ECHO PROJECT Why would anyone drag a PA system powered by car
batteries, loudspeakers, recording equipment and musical instruments to a mountain in the Himalayas to produce a natural echo
I remember echoes in the mountains from
my childhood in Switzerland. There was something magical about those sounds and the fact that the mountains answer to calls
and not only send them back but add their own voice. I want to use that voice as a musical instrument. Not just as effect
or enhancement but as an actual instrument that is part of a larger musical composition. The sitar with its unique sound and
the modal structure of Indian Music with its natural scales combine perfectly with natural echoes.
I have often been asked why I don't produce these effects in the
comfort of a studio . The answer is that no digital effects processor can simulate the acoustics of real mountains. The processing
power needed would be astronomical. I want the real , raw thing, not a simulation but the infinitely complex patterns produced
by rock faces towering thousands of feet into the sky.
The beginnings of this project go back to 1990 when I as living in McLeod Ganj, Dharamsala, India.Dharamsala lies
at the foot of the magnificent 17'000 ft Dhauladhar Range and is famous as the home of the Dalai Lama and the headquarters
of the Tibetan community in exile. I first came to Dharamsala in 1978 as a student , rented a house from the famous painter
Alfred Hallett and spent time there whenever I could. In 1986 after the death of my great sitar hero Pandit Nikhil Banerjee
I moved there permanently and worked for the Tibetan Institute od Performing Arts.
A first expedition was started in December 1990 with
the help of my friends Christina Lundberg and John Vincent Bellezza. We had very limited equipment but were lucky with the
weather and the results were spectacular.
more followed , two were successful and one was aborted because of bad weather and lack of funds.
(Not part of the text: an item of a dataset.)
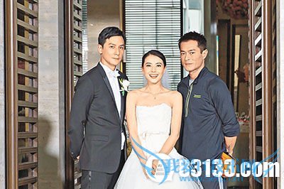 新浪娱乐讯 北京时间10月9日消息,据香港媒体报道,吴彦祖[微博]和高圆圆[微博]穿上结婚礼服为电影《单身男女2》在五星级酒店内拍摄结婚戏,完美婚礼却被穿着攀爬达人衣服造型的古天乐[微博]搞破坏,古天乐从大厦外墙爬入婚礼现场抢婚。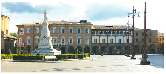 - Favaretto, G.; Mariotti, C. Planning the past. Rimini and Forlì in the 1920s: the replanning of two squares in Romagna. In Townscapes in Transition. Transformation and Reorganization of Italian Cities and Their Architecture in the Interwar Period; Enss, C.M., Monzo, L., Eds.; Transcript: Bielefeld, Germany, 2019. [Google Scholar]

Expeditions to Triund to date :
with Christina Lundberg, John Vincent Bellezza,Kath Perring and Ashoka Rehela
with John Vincent Bellezza, Emma Jackman and Ashoka Rehela
no go, bad weather,
with Gianrigo Marletta, Jennifer Cavagnol, Munish Kumar (Manu) and John Vincent
THE NEXT CHAPTER IN THIS SAGA :
From the beginning it was my intention to not just produce ambient echoes
but precisely defined echo patterns that could be used as actual elements of composition. This requires single echoes. Multiples
, while creating a beautiful effects, are not suited for this purpose. Moreover , playing fast runs and incorporating rhythm
instruments such as tablas is impossible with multiple echoes . That is why I had to restrict myself to slow playing, a style
that is called alaap in Indian Music.
above Dharamsala is spectacular but I feel I have now exhausted the possibilities the place has to offer. It is not above
the tree line and it is subject to severe monsoon climate which makes the weather unpredictable.
Weather plays a crucial part . Damp and fog or clouds kill the sound. I experienced
this several times when clouds drifted in, the sound would simply disappear and return as soon as the clouds had moved on.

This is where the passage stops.